算法介绍

/*
* DJBX33A (Daniel J. Bernstein, Times 33 with Addition)
*
* This is Daniel J. Bernstein’s popular times 33′ hash function as
* posted by him years ago on comp.lang.c. It basically uses a function
* like “hash(i) = hash(i-1) * 33 + str[i]”. This is one of the best
* known hash functions for strings. Because it is both computed very
* fast and distributes very well.
*
* The magic of number 33, i.e. why it works better than many other
* constants, prime or not, has never been adequately explained by
* anyone. So I try an explanation: if one experimentally tests all
* multipliers between 1 and 256 (as RSE did now) one detects that even
* numbers are not useable at all. The remaining 128 odd numbers
* (except for the number 1) work more or less all equally well.
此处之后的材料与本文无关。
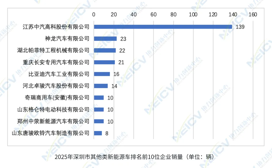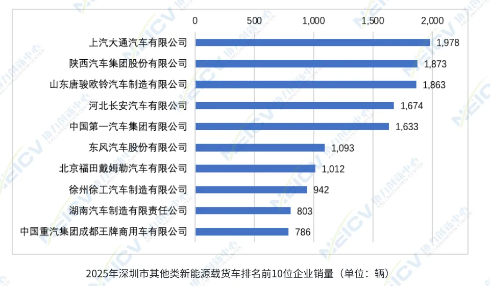 其他类新能源载货车在2025年共销售2.2万辆,渗透率为57.8%,同比增加6个百分点。其中,仓栅式货车的新能源渗透率超过90%,皮卡整体渗透率达71.8%,牵引车与载货汽车的渗透率也均在45%以上,这些数据均显著高于全国其他城市同类车型平均水平。该板块共有55家企业参与深圳市场的销售,上汽大通、陕西汽车和山东唐骏位居前三。
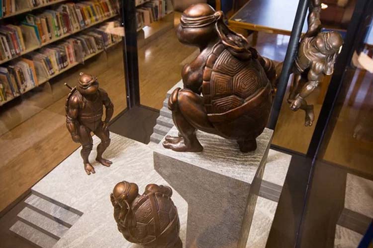 Kao znak zahvalnosti univerzitetu koji ga je oblikovao, Piter Lerd je 2013. godine poklonio bronzanu skulpturu nindža kornjača – Leonarda, Mikelanđela, Donatela i Rafaela – zajedno sa njihovim učiteljem Splinterom. Skulptura se danas nalazi na dvadeset i prvom spratu najviše univerzitetske biblioteke na svetu.

They
* all distribute in an acceptable way and this way fill a hash table
* with an average percent of approx. 86%.
*
* If one compares the Chi^2 values of the variants, the number 33 not
* even has the best value. But the number 33 and a few other equally
* good numbers like 17, 31, 63, 127 and 129 have nevertheless a great
* advantage to the remaining numbers in the large set of possible
* multipliers: their multiply operation can be replaced by a faster
* operation based on just one shift plus either a single addition
* or subtraction operation. And because a hash function has to both
* distribute good and has to be very fast to compute, those few
* numbers should be preferred and seems to be the reason why Daniel J.
* Bernstein also preferred it.
*
*
* — Ralf S. Engelschall rse@engelschall.com
*/

Times 33是Daniel J. Bernstein多年前在comp.lang.c上发表的哈希算法，这个算法已被广泛应用，是目前最好的字符串哈希算法之一。因为它不仅计算速度很快，而且分布比较均匀。

hash(i) = hash(i-1) * 33 + str[i]

算法实现

DJB Hash Function

An algorithm produced by Professor Daniel J. Bernstein and shown first to the world on the usenet newsgroup comp.lang.c. It is one of the most efficient hash functions ever published.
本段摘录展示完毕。